Heart failure is the failure of your heart to pump enough oxygen-rich, nutrient-rich blood to your tissues. There are two major types: systolic heart failure and diastolic heart failure.
Systolic heart failure
When the heart contracts, it is in systole (pronounced SIS-toe-lee). During systole, the heart pumps blood throughout the body. The heart is a muscle, and if it is very weak it is incapable of contracting strongly, just like a person with weak biceps is unable to pick up a 100 pound weight. When the heart fails to pump the necessary nutrients and oxygen to tissues throughout the body, they become deprived and cannot function at their highest level.
Diastolic heart failure
When the heart relaxes to fill up with blood in anticipation of the next cycle of pumping (systole), it is said to be in diastole (pronounced die-AS-toe-lee). If the heart muscle is stiff or too thick, it may not be able to relax enough to obtain an adequate amount to pump out during the next systolic phase. Imagine taking very shallow breaths. Each time you breathe in your lungs only fill up part of the way, so you can only breathe out small amounts of air with each exhalation. Likewise, if the heart cannot adequately fill up with blood, there is insufficient blood to be pumped out when it contracts.

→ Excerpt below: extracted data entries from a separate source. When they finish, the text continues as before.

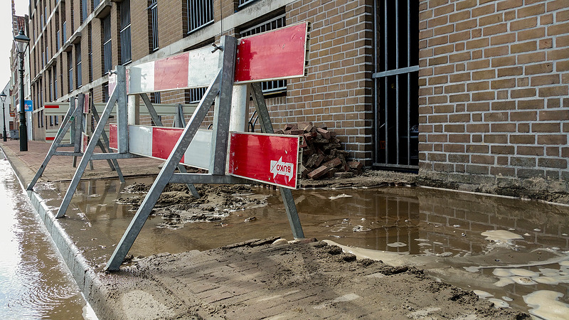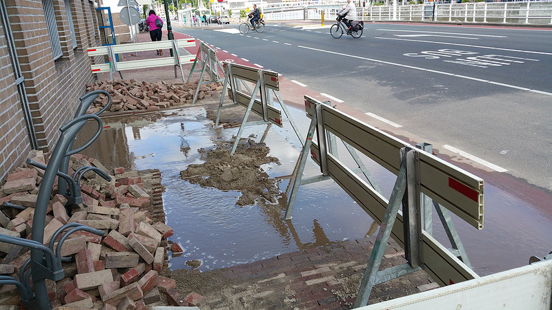 Zondagmiddag stond het voetpad en een gedeelte van de straat van de Kanaalkade in Alkmaar blank. Er bleek een koppeling van de waterleiding door grondzetting lek te zijn geraakt. Grondzetting is de beweging van grond door externe omstandigeheden zoals bijvoorbeeld voorbijrijdende (vracht)wagens. PWN heeft na de melding onmiddelijk actie ondernomen en op zoek gegaan naar het lek.
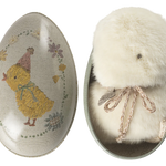 A small plush toy which is perfect for a tiny hand. The mini sized chicken has the sweetest look and a very soft hand feel. The small legs are made of knitted string with golden effect.
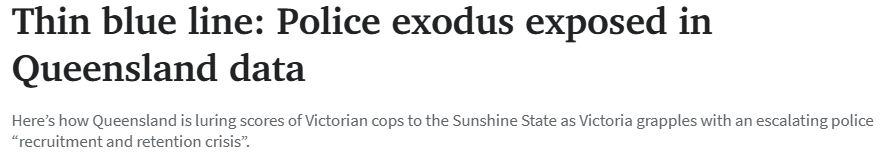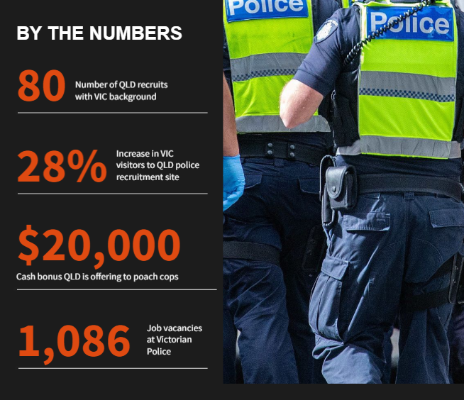 随后Guteridge更是直接曝光:在前来应聘昆州警察的申请者中,有超过10%的有警务经验的人都来自维州,是仅次于新西兰的第二大来源。

What are the most common tests to diagnose heart failure?
1. The first test most doctors order is a routine chest x-ray, which shows fluid in the lungs in most cases of heart failure, particularly if the heart failure is severe. However, on occasion, the chest x-ray may not show any unusual fluid, especially if the heart failure is mild or longstanding.

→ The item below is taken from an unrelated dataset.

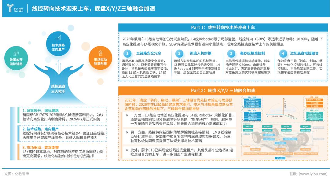 随着L3法规落地、技术成熟度提升、消费者对高阶智驾接受度提高,线控转向(SBW)因其实现全链路安全冗余、人机解耦,为L4预留的硬件接口,正从小规模验证走向量产导入,并成为高阶智驾驾的关键底盘能力,并有望在2026年前后迎来上车拐点。

2. An ECHO (echocardiogram) is a simple ultrasound of the heart. This painless test gives the doctor a great deal of information about the heart, including how strongly the heart is beating. The ejection fraction of the left ventricle (LVEF) is the fraction of blood pumped out with each heart beat. It is one of the most important pieces of information one can obtain from an ECHO. A normal LVEF is 55% or higher.
3. BNP, or brain natiuretic peptide, is a blood test that, when elevated, can lead credence to the diagnosis of heart failure. Though, sometimes this test is elevated even when a person does not have heart failure, so the BNP, as well as all other diagnostic tests, need to be considered in conjunction with the clinical picture.
4. Cardiac catheterization and stress testing are sometimes employeed in the overall diagnostic strategy as well.
It is important to note that while there are tests to help confirm a doctor's clinical suspicion of heart failure, the patient's signs and symptoms are often all a doctor needs to diagnose heart failure.